Another version of the etymology claims that the toponym comes from a surname (possibly a landowner) who migrated to the area from the town of Kamojai in present-day Belarus, near the Lithuanian border, and named the settlement in honour of his birthplace. This version is arguably more plausible, as the Kamajai Manor, which originally belonged to the Kamajevskiai family, is documented in 1541.

In other languages, the town's name is translated as: Komaje

==History==
The Kamajai manor is known from 1541. The town slowly grew around it. The first wooden church was built in 1635, and a couple of decades later, Kamajai was referred to as a town. Around 1745, the town was reconstructed according to Classicism ideas. The town has a rectangular plan, and at the crossing of four main streets, there is the main square, which used to be known for its horse trades. The oldest part of the town, especially the street network, is protected by the government as a monument of urbanism.
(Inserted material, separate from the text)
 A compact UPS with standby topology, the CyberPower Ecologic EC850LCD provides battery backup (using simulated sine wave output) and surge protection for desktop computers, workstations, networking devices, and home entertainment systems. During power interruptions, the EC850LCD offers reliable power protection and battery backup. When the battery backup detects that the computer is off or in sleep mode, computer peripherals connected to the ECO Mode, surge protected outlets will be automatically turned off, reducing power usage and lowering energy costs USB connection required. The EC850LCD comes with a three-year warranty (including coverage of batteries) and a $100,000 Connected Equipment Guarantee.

In 1774, a parish school was opened. During the 1863 Uprising, the town was seized by the rebels led by Antanas Mackevičius. In 1905, during the revolution in Russia, locals, including the social democrat leader Jurgis Smolskis, created the Republic of Kamajai and resisted the tsarist authorities. The new Kamajai church, named after Saint Casimir, was built in 1903 in Gothic Revival style. It has two towers. It is said that one of the towers collapsed during World War II, and the other was severely damaged. The residents, lacking funds for reconstruction, decided to tear down the second tower. To this day, the towers are not rebuilt.
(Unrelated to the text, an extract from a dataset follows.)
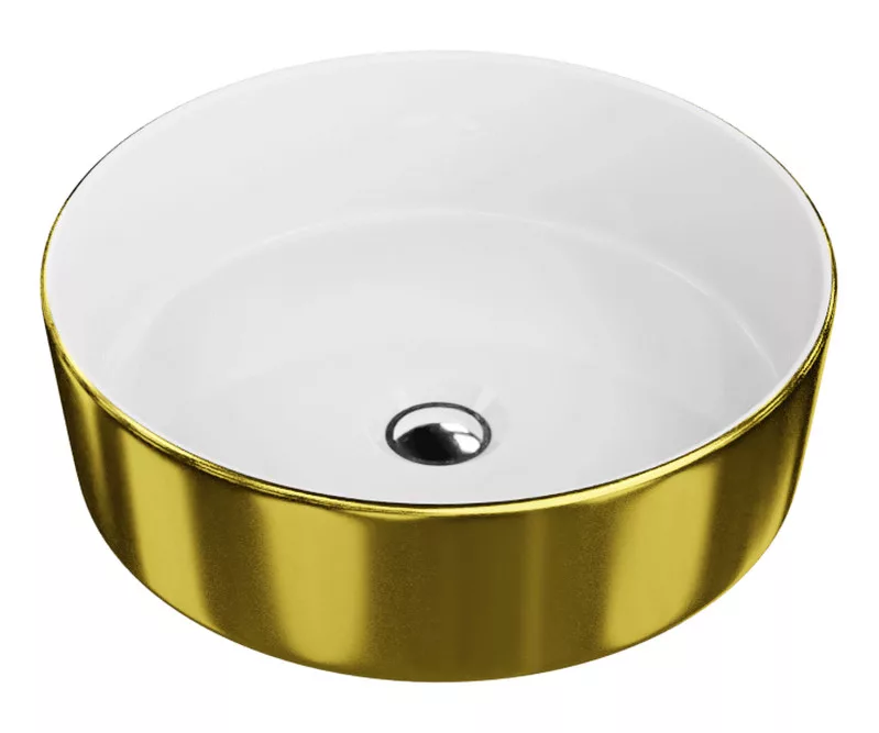 Tegye felejthetetlenné fürdőszobája hangulatát ezzel a modern, kerek arany mosdókagylóval, amely a luxus és a funkcionalitás tökéletes ötvözete. A csillogó arany felület különleges eleganciát sugároz, miközben a kerek forma lágy, harmonikus megjelenést biztosít.

Kamajai is known as the residence of poet and priest Antanas Strazdas. He died in the town and was buried in the cemetery, but the exact location is unknown. The cemetery has a memorial cross right in the center. A monument for Strazdas was built in 1933, the 100th anniversary of his death, in the main square of the town. The school is also named after the poet.

Jewish life

Jews began to settle in Kamai in the seventeenth century. According to the all-Russian census of 1897, the population had risen to 1,105, of whom 944 were Jewish (85%).
During the 1905 revolution, Jurgis Smolskis, in coordination with other communities, helped to prevent a pogrom fomented by the tsarist authorities.
Between the two world wars, a Hebrew school and cultural and political associations were active in the city. About 60 Jewish families lived in the city before the start of the Second World War. With the occupation of Lithuania by the Soviet Union in 1940, non-communist Jewish cultural activities were banned for other Lithuanian citizens.
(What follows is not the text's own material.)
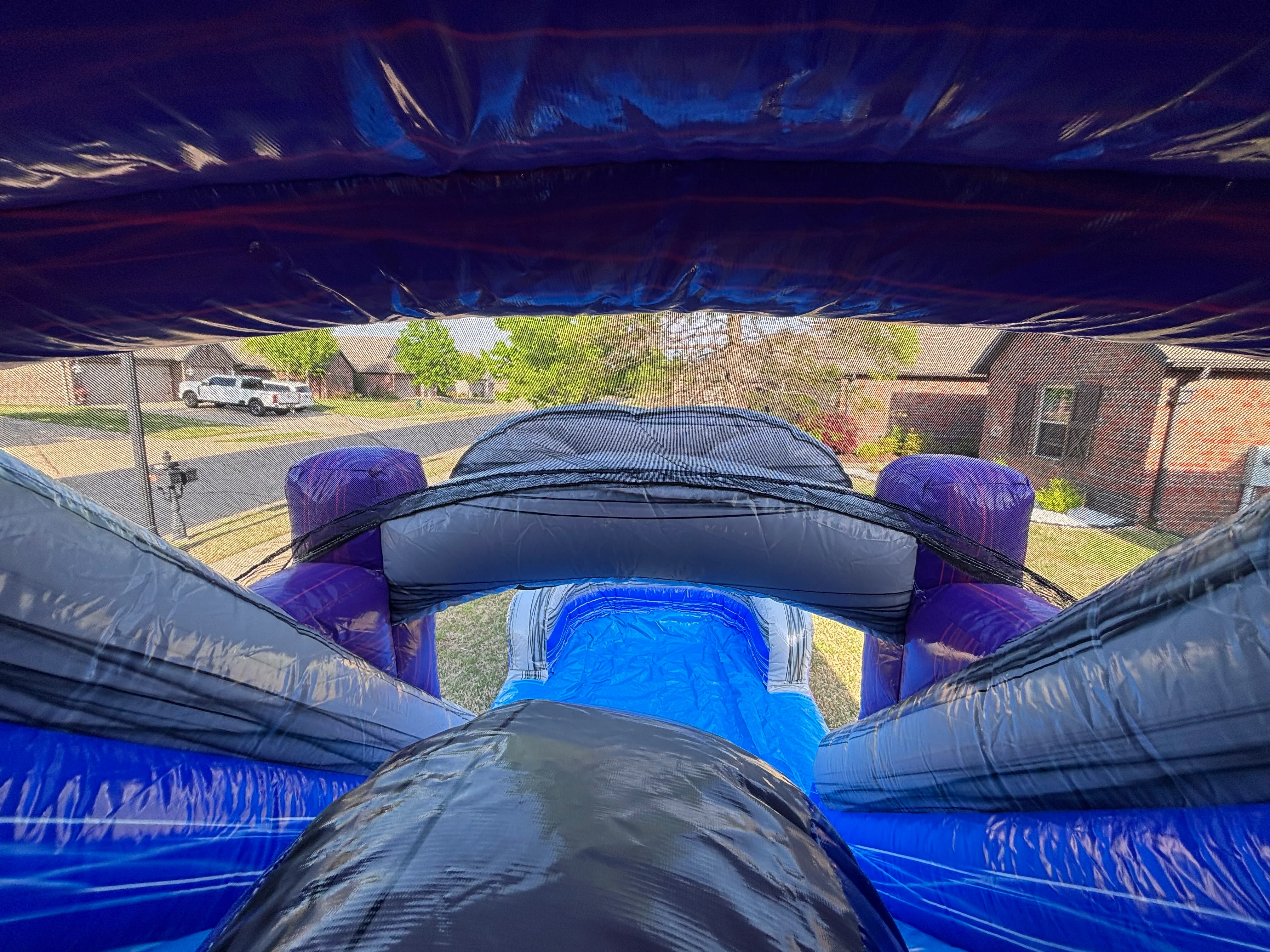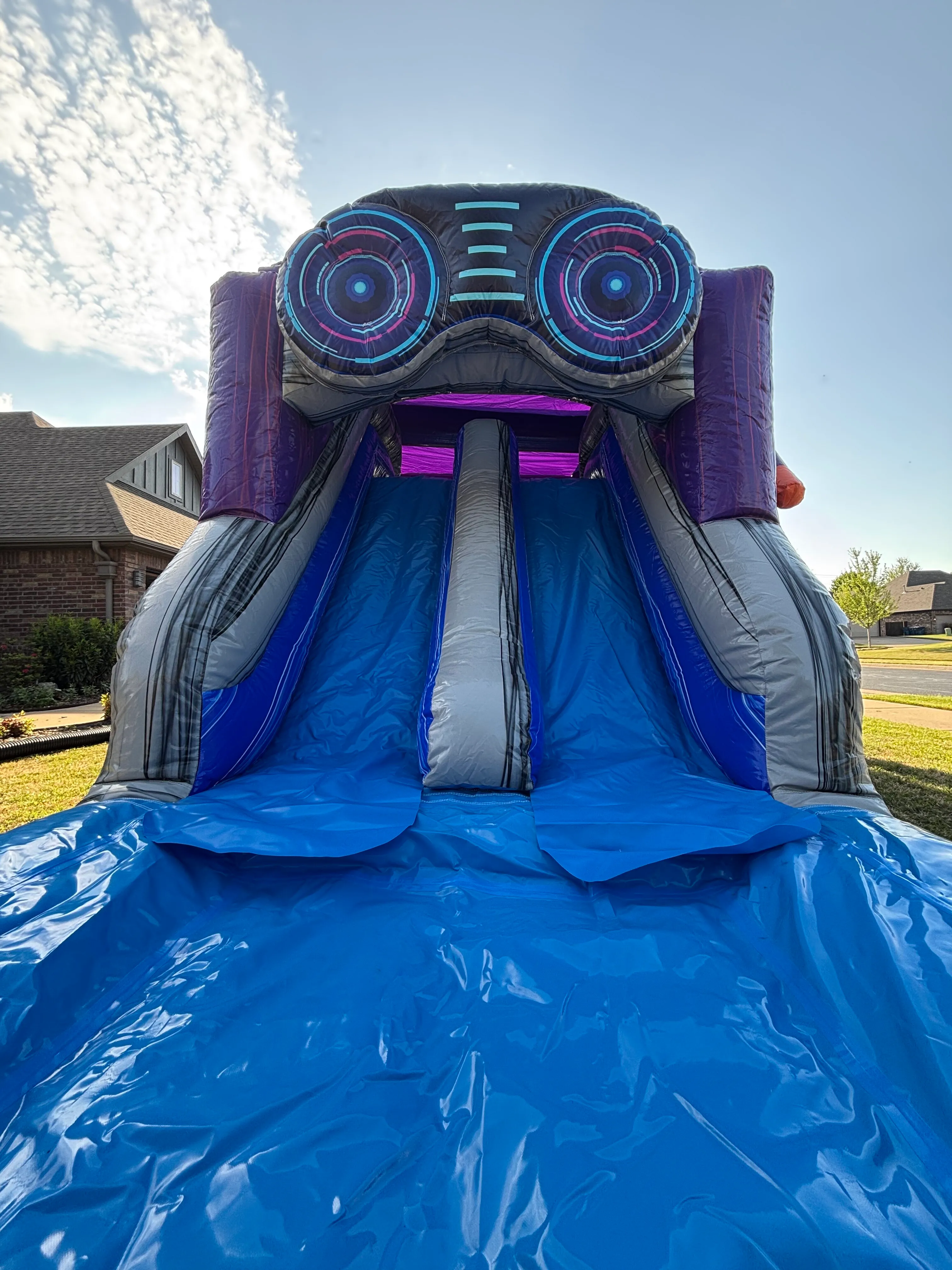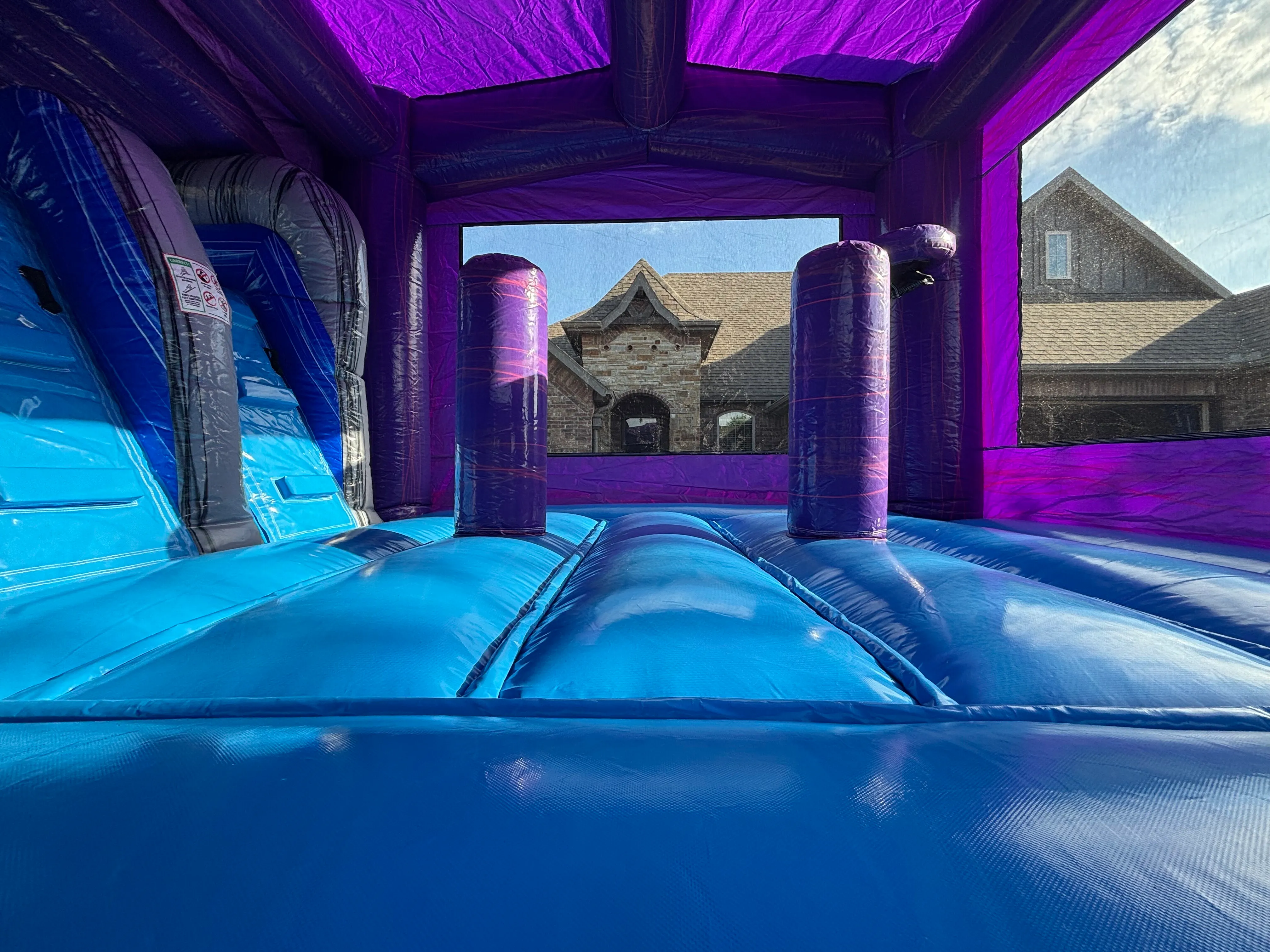 HUGE inflatable with a spacious bounce area, two independent slides, interior bumpers and B Ball hoop. Adding water slides just makes this even better! This is a fan favorite for sure, can accommodate all ages of bouncers but I will warn you, it takes up some space

On June 26, 1941, during Operation Barbarossa, the city was occupied by the Germans. Even before the entrance of the Wehrmacht, pro-Nazi Lithuanians organized a pogrom against the Jews. After the occupation, the Jews of the city were gathered in a small neighborhood ghetto. A few weeks later, the men were deported to Rokiskis and the women and children to the Obeliai area, where they were murdered in late August 1941 along with the rest of the other Jewish citizens of the region.